→ What is expected
Word for word, retype the lines from the one containing "Chambray reindeer and" to the one containing "DGK-04F Voltage control" below, keeping both end lines and dropping the pictures.

=== Dataset records ===

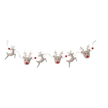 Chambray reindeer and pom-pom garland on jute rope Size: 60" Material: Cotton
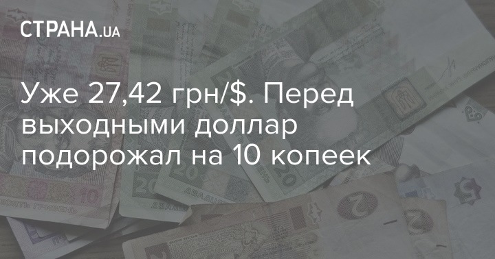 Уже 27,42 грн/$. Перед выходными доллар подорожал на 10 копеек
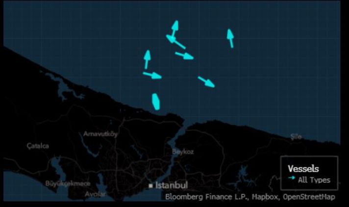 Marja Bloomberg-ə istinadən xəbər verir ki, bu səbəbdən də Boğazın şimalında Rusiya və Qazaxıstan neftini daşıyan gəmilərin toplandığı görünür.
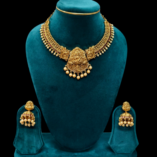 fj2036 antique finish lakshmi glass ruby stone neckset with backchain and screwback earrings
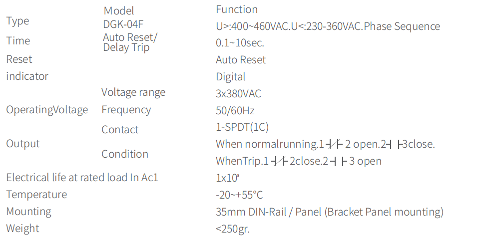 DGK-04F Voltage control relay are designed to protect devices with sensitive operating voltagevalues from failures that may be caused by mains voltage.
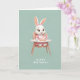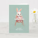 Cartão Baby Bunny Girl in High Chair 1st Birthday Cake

===
=== Dataset records ===

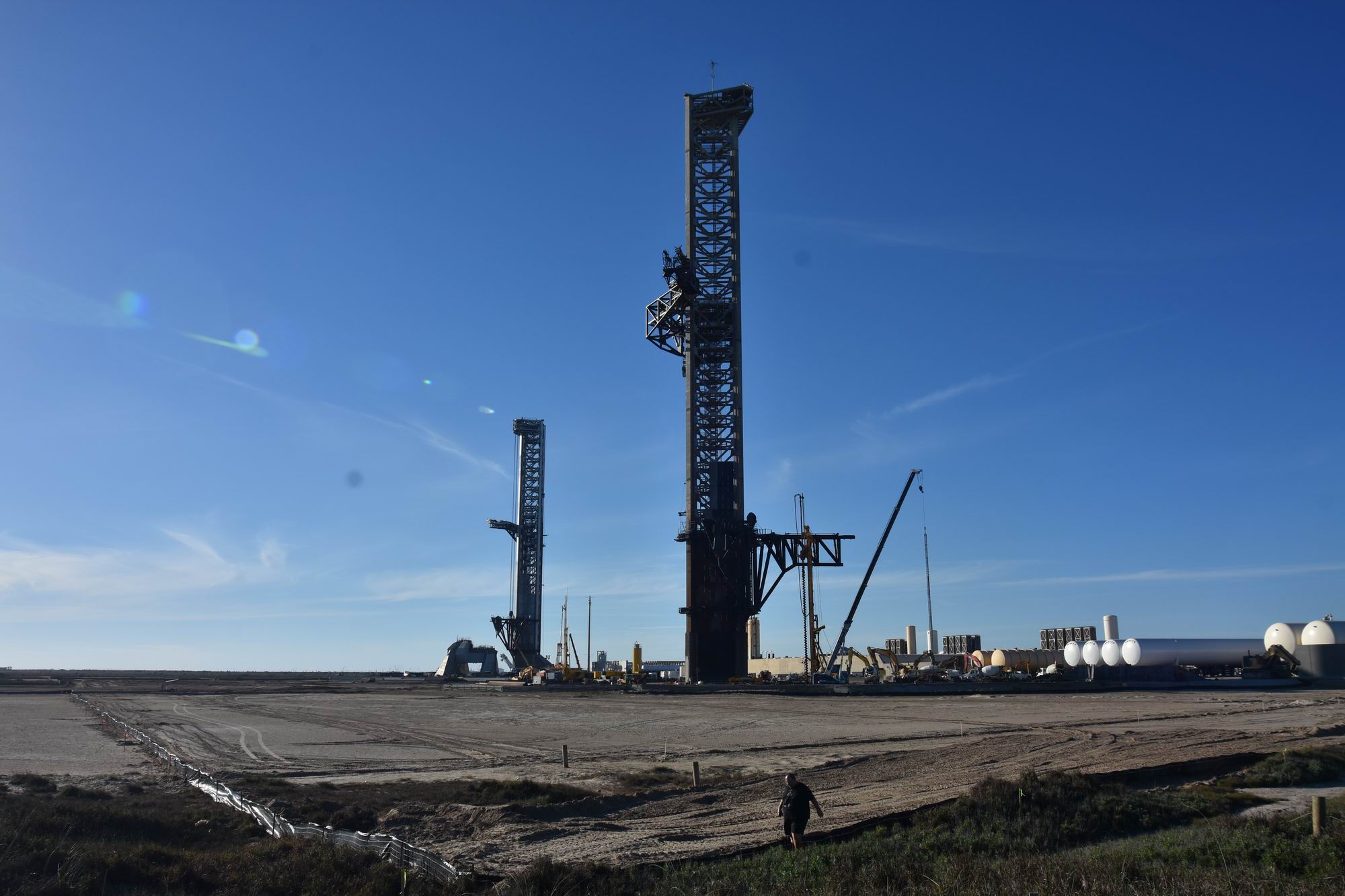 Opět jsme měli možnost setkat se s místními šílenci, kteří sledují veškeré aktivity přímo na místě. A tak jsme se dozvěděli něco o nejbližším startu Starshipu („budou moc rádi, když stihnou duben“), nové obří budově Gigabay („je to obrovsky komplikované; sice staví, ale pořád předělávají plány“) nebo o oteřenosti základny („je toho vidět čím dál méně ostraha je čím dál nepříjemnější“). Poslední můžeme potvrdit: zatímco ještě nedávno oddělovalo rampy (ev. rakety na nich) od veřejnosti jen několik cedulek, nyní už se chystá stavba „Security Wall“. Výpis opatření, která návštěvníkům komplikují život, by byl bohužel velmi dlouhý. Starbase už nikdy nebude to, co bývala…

===

→ Problem solution
 Chambray reindeer and pom-pom garland on jute rope Size: 60" Material: Cotton
 Уже 27,42 грн/$. Перед выходными доллар подорожал на 10 копеек
 Marja Bloomberg-ə istinadən xəbər verir ki, bu səbəbdən də Boğazın şimalında Rusiya və Qazaxıstan neftini daşıyan gəmilərin toplandığı görünür.
 fj2036 antique finish lakshmi glass ruby stone neckset with backchain and screwback earrings
 DGK-04F Voltage control relay are designed to protect devices with sensitive operating voltagevalues from failures that may be caused by mains voltage.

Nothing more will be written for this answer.